Low Back Pain; Students; Adolescent; Risk Factors; Prevalence


ARTIGO ARTICLE

Prevalência e fatores associados à dor lombar em escolares

Prevalence of lower back pain and associated factors in students

Alberto De Vitta; Mariana Gonçalez Martinez; Nathália Toledo Piza; Sandra Fiorelli de Almeida Penteado Simeão; Nathália Pascucci Ferreira

Universidade do Sagrado Coração, Bauru, Brasil

Correspondência Correspondência: A. De Vitta Universidade do Sagrado Coração. Rua Irmã Arminda 10-50, Bauru, SP 17011-160, Brasil. albvitta@yahoo.com.br

ABSTRACT

The objective was to determine the prevalence of lower back pain in adolescents and its relationship to sports and sedentary activities. We conducted a cross-sectional study of 5th to 8th-grade students (n = 1,236) in Bauru, São Paulo State, Brazil. We used a structured protocol and the Nordic questionnaire for musculoskeletal symptoms. The analysis was performed using a descriptive approach and bivariate and multivariate binary logistic regression. Prevalence of lower back pain was 19.5% (7% in boys and 12.5% in girls), with statistically significant differences according to gender (p < 0.00001), age (p = 0.0057), and sports (p = 0.0001). Bivariate and multivariate analyses showed independent associations between lower back pain and female gender, time watching TV, and sports. Lower back pain in schoolchildren can persist as chronic pain in adults. Understanding the relationships between variables should provide useful measures for maintaining, improving, and promoting students' wellbeing.

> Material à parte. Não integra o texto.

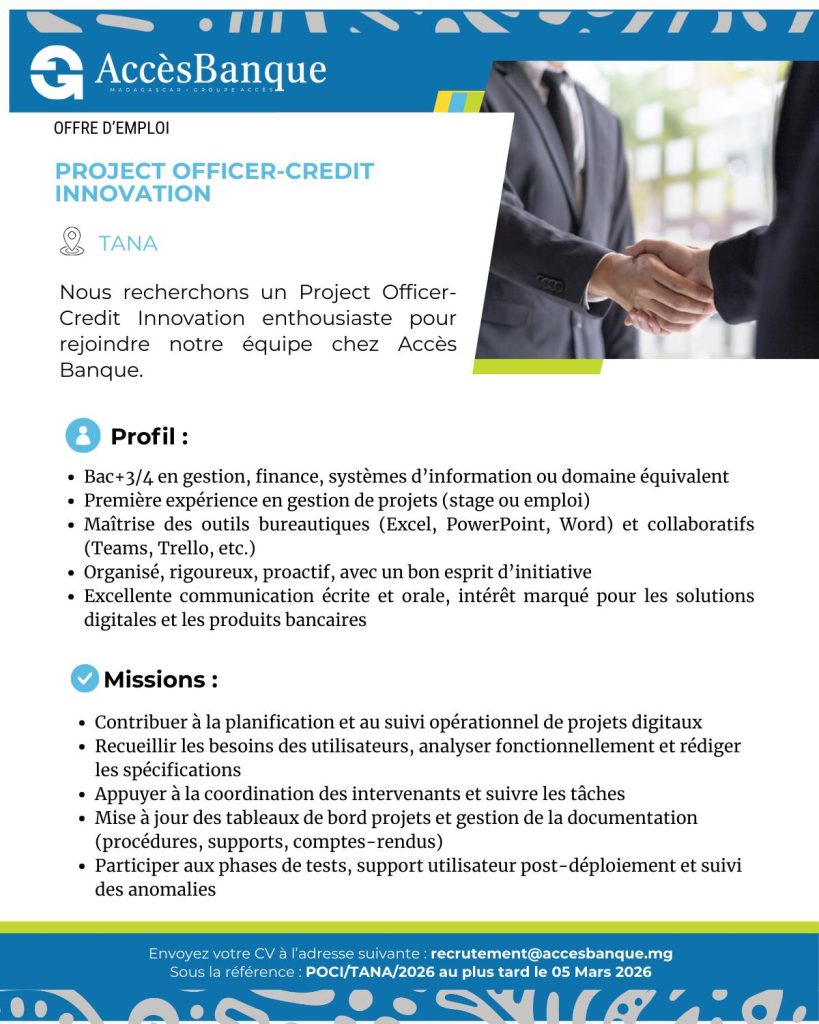 📩Envoyez vos candidature à : recrutement@accesbanque.mg

Low Back Pain; Students; Adolescent; Risk Factors; Prevalence

RESUMO

O objetivo foi verificar a prevalência de dor lombar em adolescentes e sua relação com a prática de esportes e atividades sedentárias. Realizou-se um estudo transversal com 1.236 escolares das 5ª a 8ª séries do Ensino Fundamental de Bauru, São Paulo, Brasil. Foram utilizados um protocolo estruturado e o questionário nórdico de sintomas musculoesqueléticos. A análise foi realizada mediante uma abordagem descritiva, bivariada e multivariada por regressão logística binária. Notou-se que a prevalência de dor lombar foi de 19,5%, sendo 7% nos meninos e 12,5% nas meninas, com diferença estatisticamente significante entre os gêneros (p < 0,00001), a faixa etária (p = 0,0057) e prática de esportes (p = 0,0001). Na análise bivariada e multivariada, observaram-se associações independentes entre dor lombar e o gênero feminino, horas na frente da TV e prática de esportes. A dor lombar em escolares pode ter consequências importantes para dores crônicas em adultos, e a compreensão das relações entre as variáveis oferecerá elementos úteis de medidas visando à manutenção, à melhora e à promoção do bem-estar dos estudantes.

Dor Lombar; Estudantes; Adolescente; Fatores de Risco; Prevalência

Introdução

A dor lombar tornou-se um grave problema de saúde pública, pois possui alta incidência na população economicamente ativa, em adolescentes e crianças 1. A prevalência de dores lombares em crianças de 9 a 10 anos é similar a da população adulta 2. Em um estudo longitudinal com adolescentes de 12 a 15 anos, foi observado que a incidência anual de sintomas musculoesqueléticos na coluna vertebral foi de 21,5% 3. Em outro estudo com 1.389 escolares dinamarqueses de 13 a 16 anos, foi constatado que 19,4% apresentaram dores na coluna lombar 4.

Ainda na Dinamarca, outra pesquisa com escolares apontou que a incidência de dor lombar foi de 33% em crianças de 8 a 10 anos e 47% em adolescentes de 14 a 16 anos 5. Em estudo similar que observou 254 meninas na faixa etária de 8 a 16 anos, notou-se que 31,4% apresentaram dor na coluna lombar 6.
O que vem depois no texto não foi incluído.